PROMPT:
Within the lines below, the span from the line with "Esses detalhes fazem" to the line with "10Gb Commutateur Géré", both ends included, is to be reproduced exactly, with pictures omitted.
━━━ RECORDS SHOWN ━━━
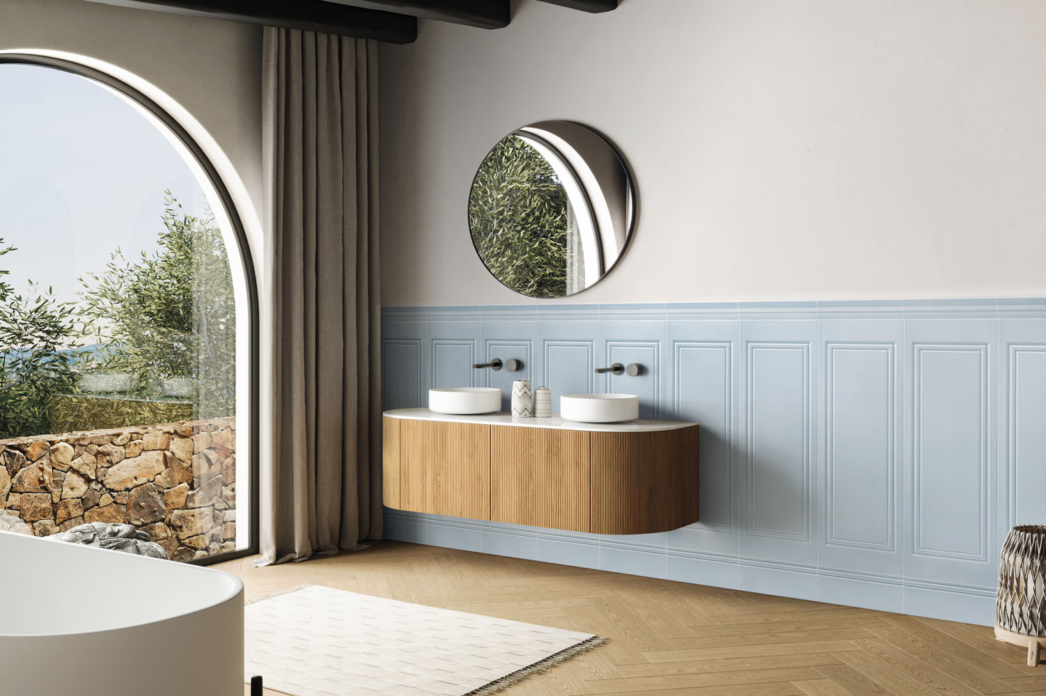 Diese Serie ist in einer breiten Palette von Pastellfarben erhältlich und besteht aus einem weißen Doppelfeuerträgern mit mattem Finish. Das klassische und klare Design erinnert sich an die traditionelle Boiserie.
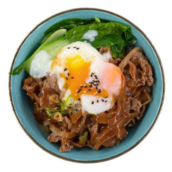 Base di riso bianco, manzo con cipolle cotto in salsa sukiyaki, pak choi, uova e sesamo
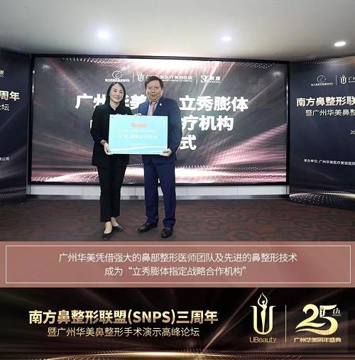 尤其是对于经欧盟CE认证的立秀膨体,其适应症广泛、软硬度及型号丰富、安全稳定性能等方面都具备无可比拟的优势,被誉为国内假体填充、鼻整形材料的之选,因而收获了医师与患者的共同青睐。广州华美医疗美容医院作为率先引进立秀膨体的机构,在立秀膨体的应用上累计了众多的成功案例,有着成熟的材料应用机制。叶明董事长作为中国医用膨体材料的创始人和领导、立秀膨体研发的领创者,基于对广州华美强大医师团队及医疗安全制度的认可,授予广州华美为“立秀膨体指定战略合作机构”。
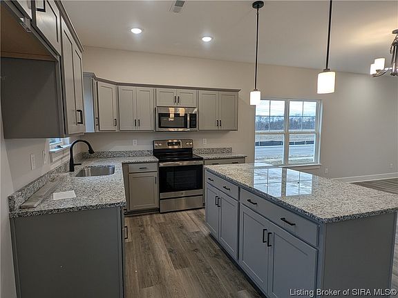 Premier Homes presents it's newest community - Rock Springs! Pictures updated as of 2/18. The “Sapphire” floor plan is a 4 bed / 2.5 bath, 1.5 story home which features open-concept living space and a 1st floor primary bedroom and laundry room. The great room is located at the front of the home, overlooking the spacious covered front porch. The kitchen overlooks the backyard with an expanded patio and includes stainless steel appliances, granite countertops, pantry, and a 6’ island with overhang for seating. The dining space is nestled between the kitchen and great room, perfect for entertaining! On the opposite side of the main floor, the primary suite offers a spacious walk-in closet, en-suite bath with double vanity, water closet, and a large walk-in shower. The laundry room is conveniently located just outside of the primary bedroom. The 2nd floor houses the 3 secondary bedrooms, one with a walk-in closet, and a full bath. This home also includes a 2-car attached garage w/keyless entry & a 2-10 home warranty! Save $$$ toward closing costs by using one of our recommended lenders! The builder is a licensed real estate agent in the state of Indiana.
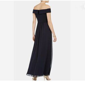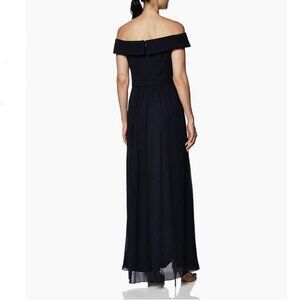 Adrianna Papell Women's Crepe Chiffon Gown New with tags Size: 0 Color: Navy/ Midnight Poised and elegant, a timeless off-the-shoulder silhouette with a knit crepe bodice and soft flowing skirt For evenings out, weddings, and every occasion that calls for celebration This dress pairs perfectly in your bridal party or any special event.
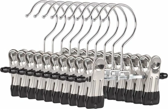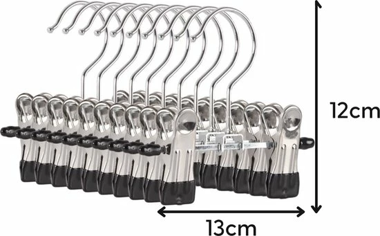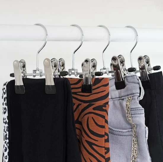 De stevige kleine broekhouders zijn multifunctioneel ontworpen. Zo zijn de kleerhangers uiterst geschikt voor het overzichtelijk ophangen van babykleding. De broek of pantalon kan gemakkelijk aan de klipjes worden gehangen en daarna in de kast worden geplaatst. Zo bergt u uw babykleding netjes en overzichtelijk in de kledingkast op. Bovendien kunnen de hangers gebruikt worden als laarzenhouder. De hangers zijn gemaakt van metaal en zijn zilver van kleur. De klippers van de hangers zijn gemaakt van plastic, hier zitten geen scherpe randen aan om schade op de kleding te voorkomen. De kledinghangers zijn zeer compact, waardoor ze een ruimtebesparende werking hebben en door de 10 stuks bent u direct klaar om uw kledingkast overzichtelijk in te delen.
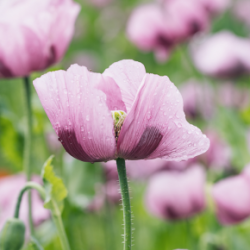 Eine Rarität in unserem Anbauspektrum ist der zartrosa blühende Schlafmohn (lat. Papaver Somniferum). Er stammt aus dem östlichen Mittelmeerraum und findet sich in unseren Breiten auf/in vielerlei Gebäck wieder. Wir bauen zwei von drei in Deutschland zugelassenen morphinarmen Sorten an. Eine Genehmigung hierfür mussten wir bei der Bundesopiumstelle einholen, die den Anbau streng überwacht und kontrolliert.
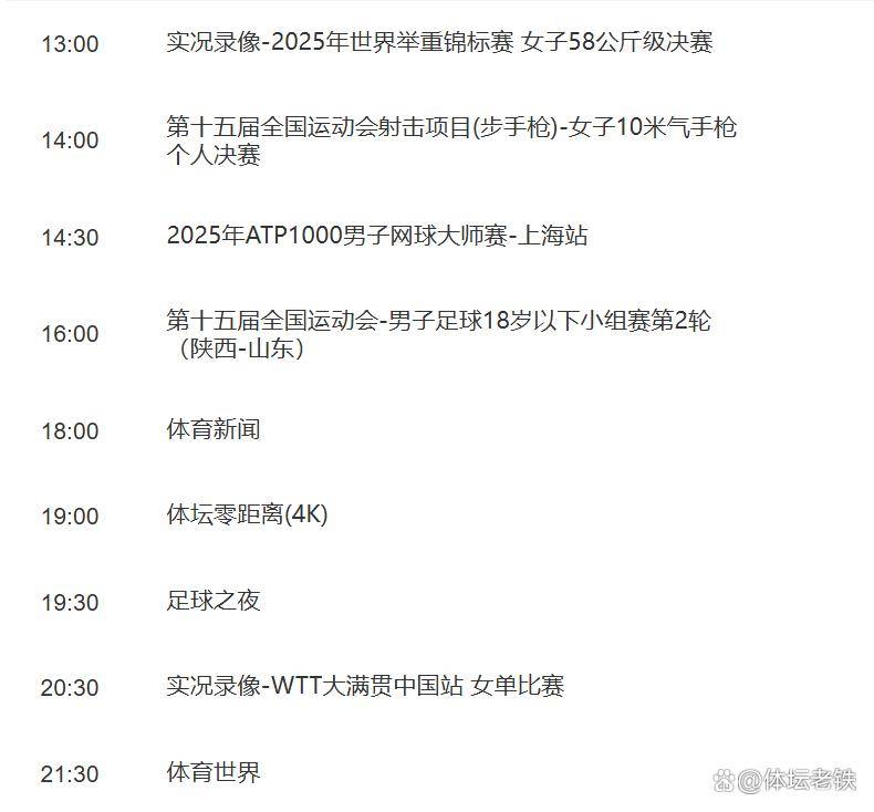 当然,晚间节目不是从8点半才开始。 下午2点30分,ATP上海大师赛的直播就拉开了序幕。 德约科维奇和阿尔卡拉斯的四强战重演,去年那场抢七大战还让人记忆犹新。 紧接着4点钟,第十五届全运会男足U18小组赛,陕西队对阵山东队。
━━━
━━━ RECORDS SHOWN ━━━
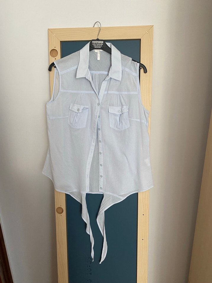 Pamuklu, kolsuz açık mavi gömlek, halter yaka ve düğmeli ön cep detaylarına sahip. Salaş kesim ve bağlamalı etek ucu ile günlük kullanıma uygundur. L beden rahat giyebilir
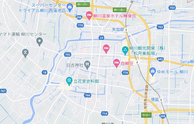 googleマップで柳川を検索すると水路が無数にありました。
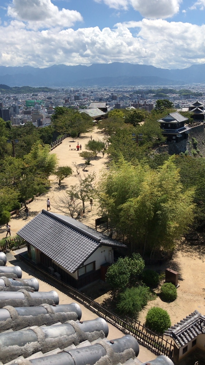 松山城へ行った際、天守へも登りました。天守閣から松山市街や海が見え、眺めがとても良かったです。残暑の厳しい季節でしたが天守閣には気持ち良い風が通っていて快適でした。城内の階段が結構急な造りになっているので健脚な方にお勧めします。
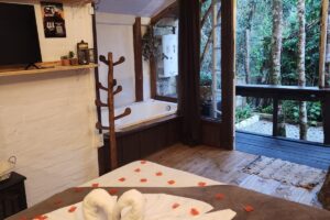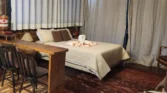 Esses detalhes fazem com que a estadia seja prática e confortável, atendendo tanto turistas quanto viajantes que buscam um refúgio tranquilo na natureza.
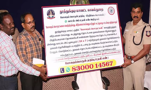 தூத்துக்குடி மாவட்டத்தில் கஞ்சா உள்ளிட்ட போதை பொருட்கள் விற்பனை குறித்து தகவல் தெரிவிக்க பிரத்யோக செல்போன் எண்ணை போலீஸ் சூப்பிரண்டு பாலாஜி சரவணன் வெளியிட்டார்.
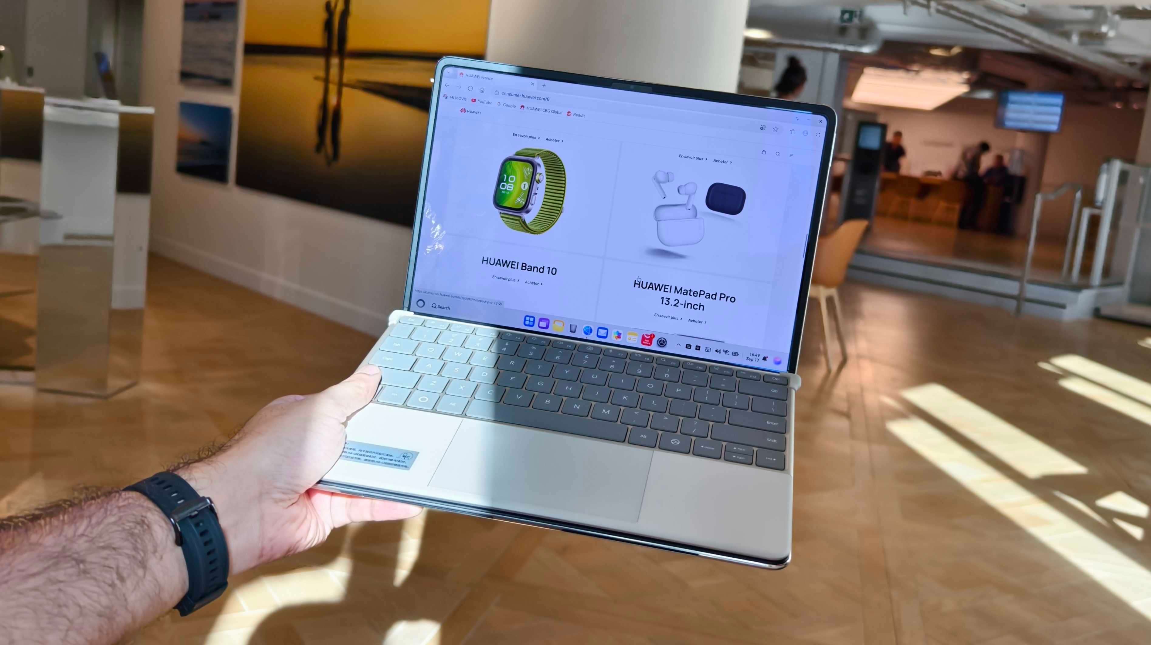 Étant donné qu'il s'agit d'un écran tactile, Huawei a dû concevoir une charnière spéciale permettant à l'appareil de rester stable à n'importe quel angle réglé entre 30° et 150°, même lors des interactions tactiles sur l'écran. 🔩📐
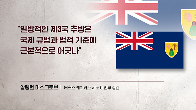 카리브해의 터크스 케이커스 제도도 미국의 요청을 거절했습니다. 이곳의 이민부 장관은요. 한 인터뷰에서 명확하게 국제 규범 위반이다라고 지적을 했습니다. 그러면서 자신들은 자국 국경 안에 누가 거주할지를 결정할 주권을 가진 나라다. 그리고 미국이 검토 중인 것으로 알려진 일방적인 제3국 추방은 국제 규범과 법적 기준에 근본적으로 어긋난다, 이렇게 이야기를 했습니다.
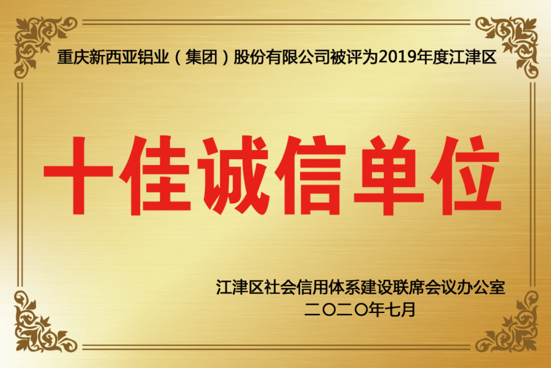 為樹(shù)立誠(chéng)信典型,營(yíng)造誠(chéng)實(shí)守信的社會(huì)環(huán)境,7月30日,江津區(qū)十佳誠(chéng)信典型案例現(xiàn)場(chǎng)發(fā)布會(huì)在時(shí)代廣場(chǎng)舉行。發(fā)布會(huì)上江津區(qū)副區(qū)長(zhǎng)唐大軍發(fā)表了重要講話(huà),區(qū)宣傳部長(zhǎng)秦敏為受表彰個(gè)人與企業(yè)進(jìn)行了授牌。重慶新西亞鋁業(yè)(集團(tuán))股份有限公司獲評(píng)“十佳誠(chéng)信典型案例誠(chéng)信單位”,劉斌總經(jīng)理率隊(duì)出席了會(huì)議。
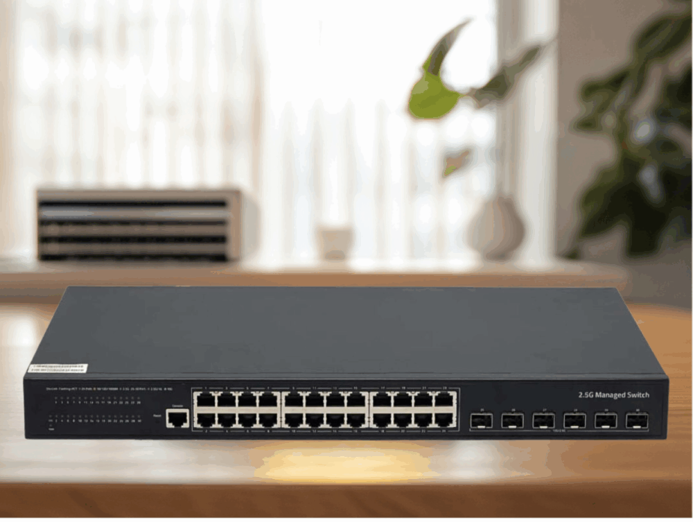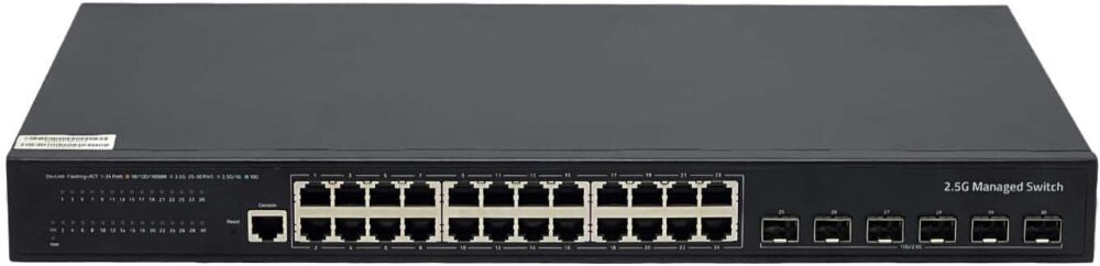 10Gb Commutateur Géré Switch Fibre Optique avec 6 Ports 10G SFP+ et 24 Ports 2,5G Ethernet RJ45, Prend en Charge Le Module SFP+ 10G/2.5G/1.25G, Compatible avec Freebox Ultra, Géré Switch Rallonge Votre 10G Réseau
━━━
SOLUTION FOR THIS TASK:
 Esses detalhes fazem com que a estadia seja prática e confortável, atendendo tanto turistas quanto viajantes que buscam um refúgio tranquilo na natureza.
 தூத்துக்குடி மாவட்டத்தில் கஞ்சா உள்ளிட்ட போதை பொருட்கள் விற்பனை குறித்து தகவல் தெரிவிக்க பிரத்யோக செல்போன் எண்ணை போலீஸ் சூப்பிரண்டு பாலாஜி சரவணன் வெளியிட்டார்.
 Étant donné qu'il s'agit d'un écran tactile, Huawei a dû concevoir une charnière spéciale permettant à l'appareil de rester stable à n'importe quel angle réglé entre 30° et 150°, même lors des interactions tactiles sur l'écran. 🔩📐
 카리브해의 터크스 케이커스 제도도 미국의 요청을 거절했습니다. 이곳의 이민부 장관은요. 한 인터뷰에서 명확하게 국제 규범 위반이다라고 지적을 했습니다. 그러면서 자신들은 자국 국경 안에 누가 거주할지를 결정할 주권을 가진 나라다. 그리고 미국이 검토 중인 것으로 알려진 일방적인 제3국 추방은 국제 규범과 법적 기준에 근본적으로 어긋난다, 이렇게 이야기를 했습니다.
 為樹(shù)立誠(chéng)信典型,營(yíng)造誠(chéng)實(shí)守信的社會(huì)環(huán)境,7月30日,江津區(qū)十佳誠(chéng)信典型案例現(xiàn)場(chǎng)發(fā)布會(huì)在時(shí)代廣場(chǎng)舉行。發(fā)布會(huì)上江津區(qū)副區(qū)長(zhǎng)唐大軍發(fā)表了重要講話(huà),區(qū)宣傳部長(zhǎng)秦敏為受表彰個(gè)人與企業(yè)進(jìn)行了授牌。重慶新西亞鋁業(yè)(集團(tuán))股份有限公司獲評(píng)“十佳誠(chéng)信典型案例誠(chéng)信單位”,劉斌總經(jīng)理率隊(duì)出席了會(huì)議。
 10Gb Commutateur Géré Switch Fibre Optique avec 6 Ports 10G SFP+ et 24 Ports 2,5G Ethernet RJ45, Prend en Charge Le Module SFP+ 10G/2.5G/1.25G, Compatible avec Freebox Ultra, Géré Switch Rallonge Votre 10G Réseau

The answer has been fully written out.